* Exercise description: Go to the line holding "Для людей, использующих" in the data below and repeat it exactly, then each line after it up to and including the one holding "FA54804# 蜜桃家新品设计感荡领假两件挂脖白色长袖t恤女秋冬修身显瘦上衣 服裝批發女裝批發服飾貨源". Omit pictures.

* Recorded data:

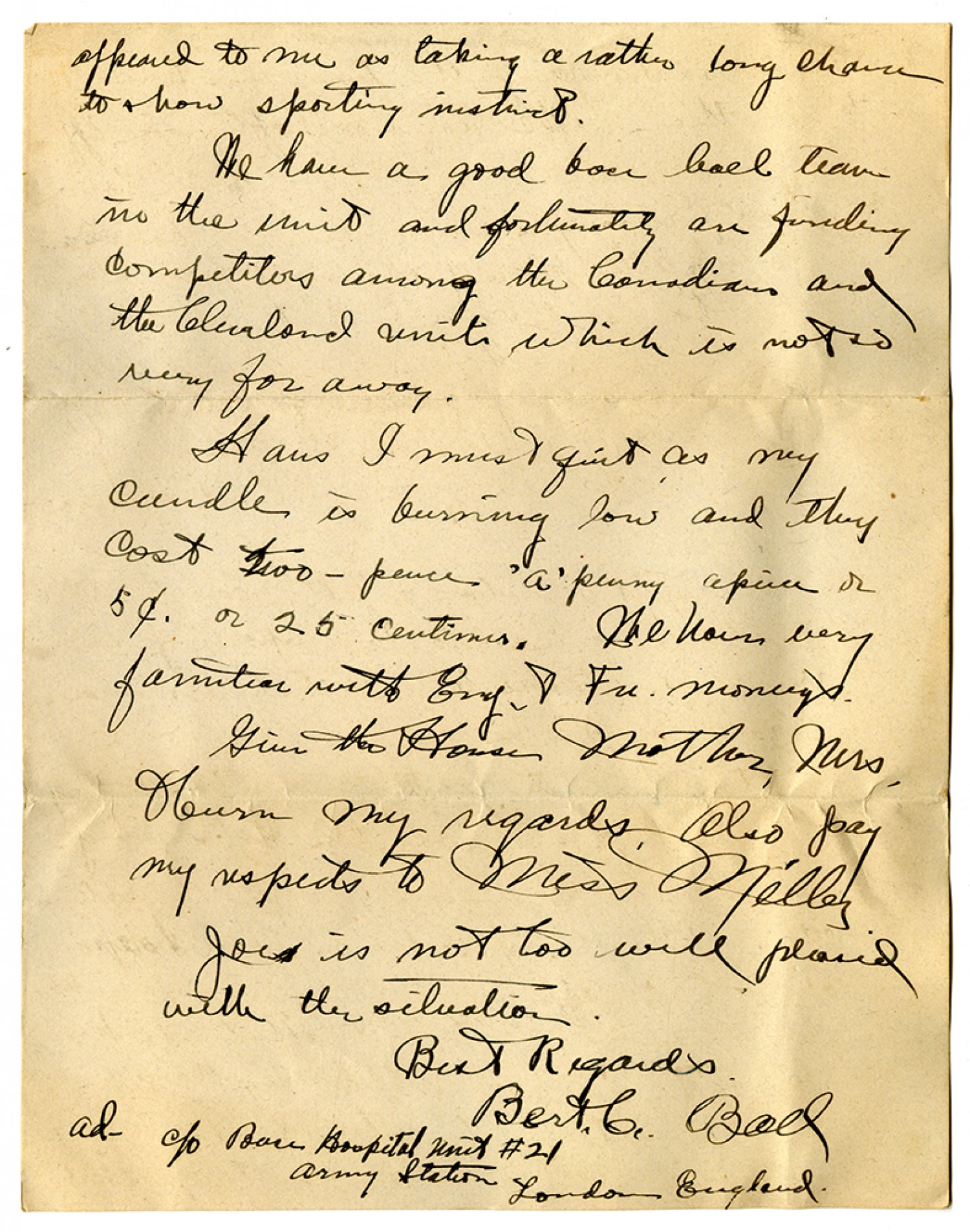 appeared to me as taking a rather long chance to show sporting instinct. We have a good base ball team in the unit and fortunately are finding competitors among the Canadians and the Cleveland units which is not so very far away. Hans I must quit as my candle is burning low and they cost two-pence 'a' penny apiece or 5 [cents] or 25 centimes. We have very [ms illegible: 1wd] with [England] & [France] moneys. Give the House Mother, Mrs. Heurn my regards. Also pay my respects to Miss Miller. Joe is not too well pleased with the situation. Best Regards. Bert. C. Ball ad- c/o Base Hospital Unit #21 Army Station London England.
--
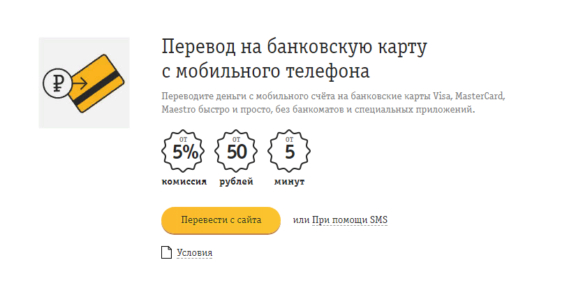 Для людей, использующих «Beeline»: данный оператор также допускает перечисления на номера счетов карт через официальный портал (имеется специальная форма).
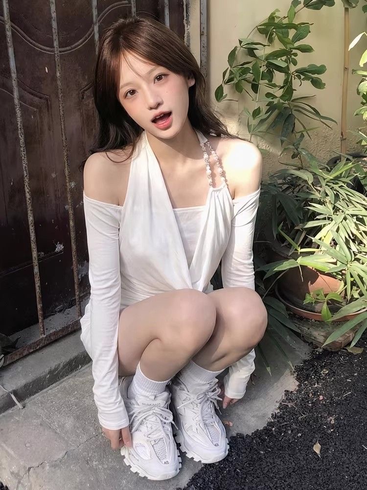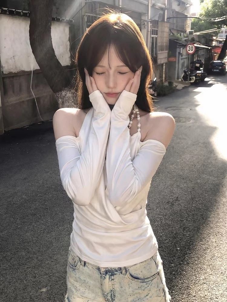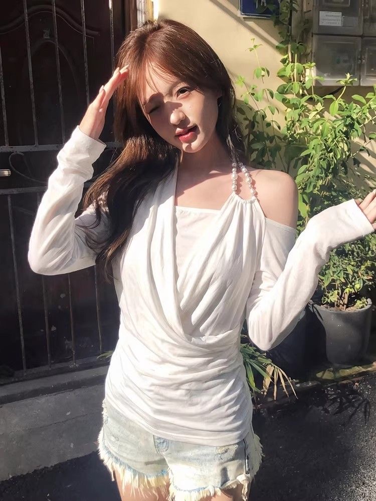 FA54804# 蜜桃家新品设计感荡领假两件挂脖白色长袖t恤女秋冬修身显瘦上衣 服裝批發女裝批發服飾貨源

* Exercise response:
 Для людей, использующих «Beeline»: данный оператор также допускает перечисления на номера счетов карт через официальный портал (имеется специальная форма).
 FA54804# 蜜桃家新品设计感荡领假两件挂脖白色长袖t恤女秋冬修身显瘦上衣 服裝批發女裝批發服飾貨源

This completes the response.